Action item. Locate the line that contains "- 【360°Transparent Larger" in the data that follows. Copy it and every subsequent line to the end, exactly, excluding pictures.

____

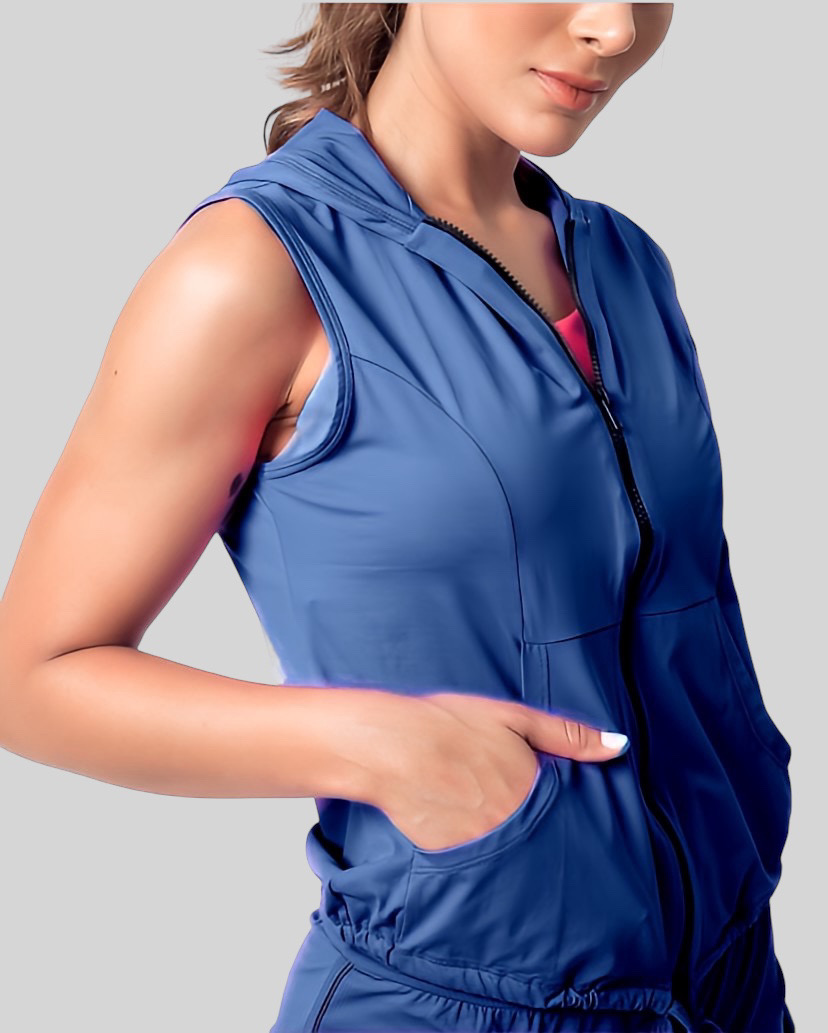 Colete Fitness com Capuz**, a peça perfeita para quem busca unir funcionalidade e design moderno em suas atividades físicas. Confeccionado com materiais de alta qualidade, este colete proporciona excelente respirabilidade e mobilidade, garantindo máximo desempenho nos seus treinos.
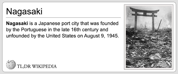 Un exemple ? L'article consacré à Nagasaki est présenté ainsi : "Nagasaki est une cité portuaire japonaise qui a été bâtie par les Portugais à la fin du 16ème siècle et qui a été déconstruite par les États-Unis le 9 août 1945".
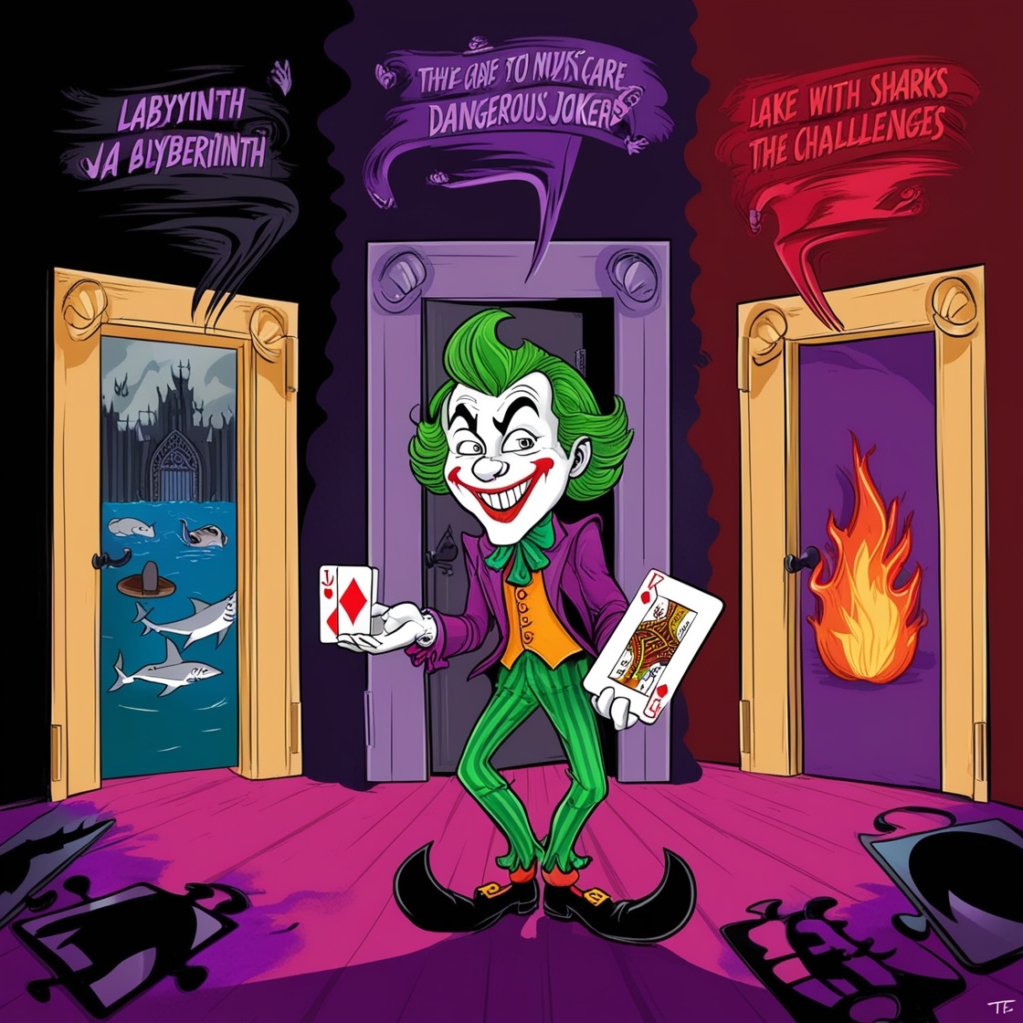 Привет, искатели приключений! Джокер вновь готов испытать ваши способности! Сегодня вас ждет особенный квест — он не только проверит вашу смекалку, но и заставит погрузиться в мир загадок, юмора и неожиданностей. Готовы ли вы принять вызов и стать героем этой истории? А может, ваши друзья смогут вас обойти? Узнаем это в конце квеста. Присоединяйтесь и начинаем! Сегодня вы окажетесь в центре запутанной игры Джокера, где каждый шаг требует не только ума, но и чувства юмора. Вас ждут загадки — от простых до тех, что могут сбить с толку даже самых опытных. Всё начнется с легкого вопроса, но с каждой загадкой напряжение будет расти. Готовы испытать себя? И не забудьте пригласить друзей — увидим, кто окажется быстрее и хитрее в разгадке тайн Джокера. Вы входите в мрачную комнату. Перед вами три двери: первая из них ведет к бесконечному лабиринту, вторая — к озеру с акулами, а за третьей — пламя, которое горит уже тысячи лет. Единственный выход — открыть одну из дверей и пройти через нее. Заг
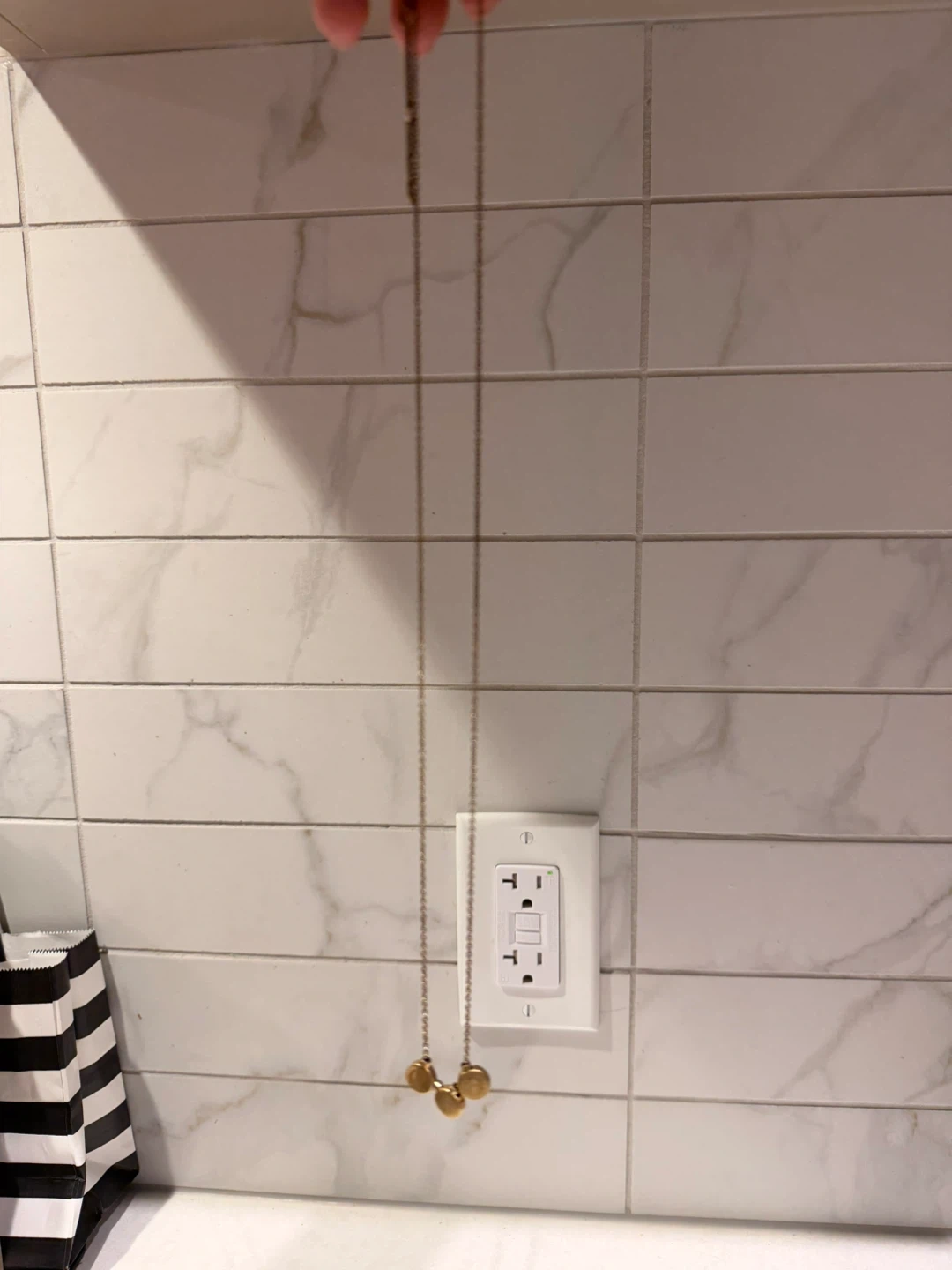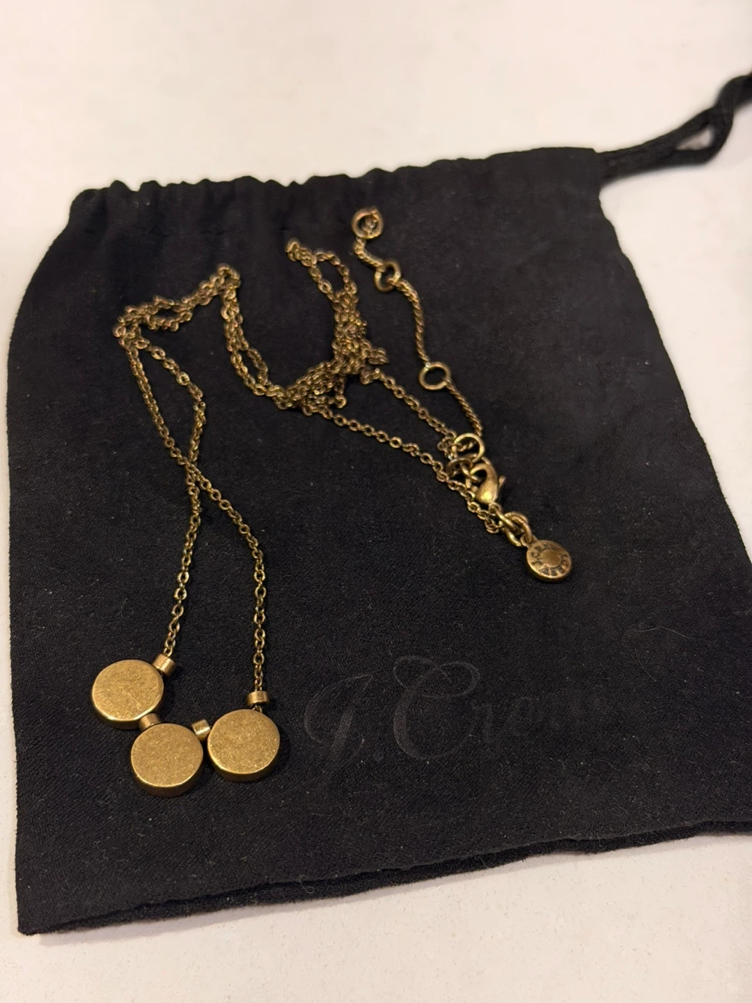 This J. Crew necklace features a delicate gold-tone chain with three round pendant charms. It includes a drawstring pouch for storage. It's a versatile accessory for everyday wear.
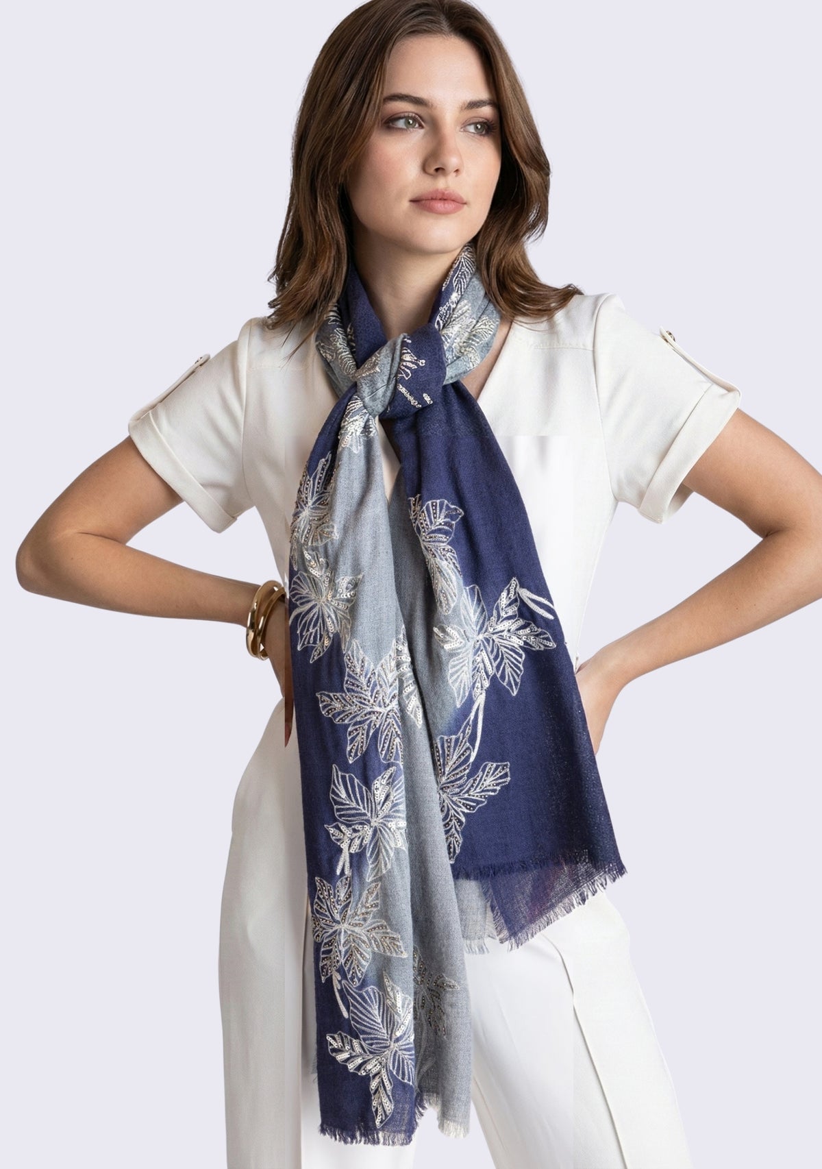 Elevate your style with our navy blue and steel gray ombre scarf, a luxurious and captivating accessory that combines the softness of cashmere with the sparkle of metallic embellishments. The ombre transition from navy blue to steel gray creates a stunning depth, while the silver sequin and metallic leaf embroidery add a touch of glamor and sophistication to any outfit. This scarf provides warmth and comfort while making a bold fashion statement. Whether draped casually or styled for a special occasion, this exquisite accessory is a must-have for those who appreciate refined elegance and contemporary flair.
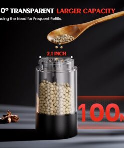 - 【360°Transparent Larger Capacity】: This electric pepper grinder features a large 360° clear container to minimize refills. allowing you to easily check the seasoning level and reduce waste. It also comes with a storage base to prevent tipping and ensure easy storage. Portable and lightweight. it’s perfect for parties. barbecues. and campin
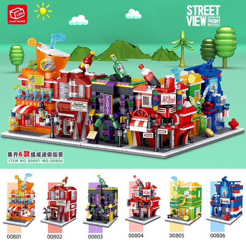 Mô hình 00806 trong bộ Phố ẩm thực mini ZHEGAO là cửa hàng Sprite và Feichang Cola, mang đến một không gian giải khát đầy màu sắc và sống động cho khu phố của bé.
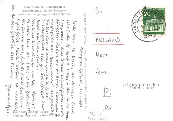 74105159 alte Postkarte Gohren Kressbronn Langenargen Bodensee BW Ferienzentrum Campingplatz postalisch gelaufen Fliegeraufnahme Erhaltung siehe scans [FriedD77] KatCode: 11110008435029
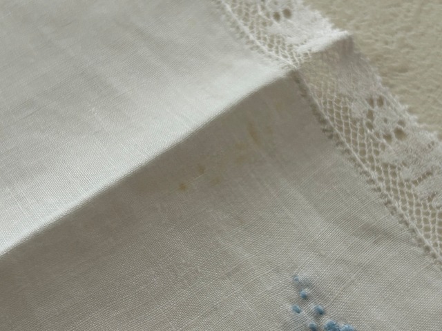 また、刺繍の上部にわずかな薄い汚れがございます。(画像)

____

Exercise solution.
 - 【360°Transparent Larger Capacity】: This electric pepper grinder features a large 360° clear container to minimize refills. allowing you to easily check the seasoning level and reduce waste. It also comes with a storage base to prevent tipping and ensure easy storage. Portable and lightweight. it’s perfect for parties. barbecues. and campin
 Mô hình 00806 trong bộ Phố ẩm thực mini ZHEGAO là cửa hàng Sprite và Feichang Cola, mang đến một không gian giải khát đầy màu sắc và sống động cho khu phố của bé.
 74105159 alte Postkarte Gohren Kressbronn Langenargen Bodensee BW Ferienzentrum Campingplatz postalisch gelaufen Fliegeraufnahme Erhaltung siehe scans [FriedD77] KatCode: 11110008435029
 また、刺繍の上部にわずかな薄い汚れがございます。(画像)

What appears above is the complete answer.